We also cannot overlook the issue of Hashimoto’s own sexual harassment being passed over behind her appointment as president presented like a symbol of gender equality. The violence of unwanted sexual contacts committed under certain power relationships that make it difficult to raise objections must be clearly recognized regardless of the gender of the victim or perpetrator. Despite the importance of such recognition, Hashimoto’s assault is treated as if it were not a serious problem and this will make it even more difficult for victims to come forward and may set back efforts to prevent sexual violence in the sports world.

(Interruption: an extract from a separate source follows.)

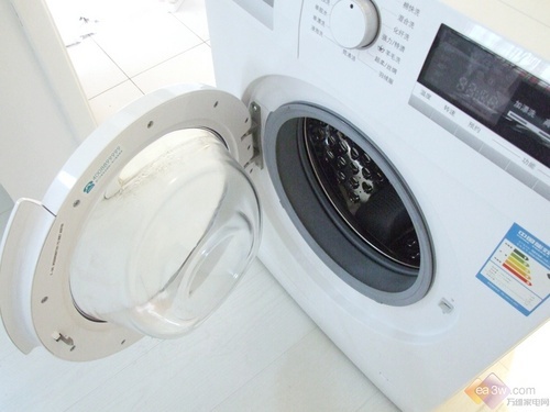 在控制面板方面,该产品采用了旋钮调节右置的设计,便于右手习惯的用户操作。LED数字动态显示器位于控制面板中央,一目了然,简单明了。旋钮的阻尼程度也非常适手,12点钟方向即可关闭洗衣机。细节之处的精心设计,亦使得该机获得不少的主观印象加分。

Mori’s remarks and the subsequent responses of the Organizing Committee, the Japanese government, and the IOC reveal the structural violence of the Olympics itself, an event promoted advocating the ideals of gender equality and diversity. In the first place, the Tokyo Olympics began by silencing the voices of the victims of the accident at TEPCO’s Fukushima Daiichi Nuclear Power Plant, claiming that the effects of the accident were gone.  Since then, banners such as “Recovery from earthquake disaster” and “Co-existing”  have been used to justify the exclusion of the homeless, large-scale development that evicts public housing residents, environmental destruction, non-transparent financial transactions, nationalistic education, and increased police authority power.  Olympics have been inseparable from various forms of discrimination and violence, as evidenced by the experiences in other parts of the world, such as Rio de Janeiro and Pyeongchang.

Moreover, people of Japan and the world, especially the most economically and socially marginalized, are facing right now the crisis of health and survival that the distorted economic development brought about. It should no longer be tolerated to waste public funds for equally protecting people’s lives from the COVID-19 disaster on large-scale events with empty promises of equality in non-transparent manners. The greatest burden of such wasting is suffered by those who are not protected by stable jobs, positions, or property, and those who shoulder life-supporting care works under precarious and low-paid conditions or unpaid, many of whom are women. The Tokyo Olympics and Paralympics should be canceled immediately. And we must steadily push forward our long-term efforts toward a truly equal, just, and violence-free society.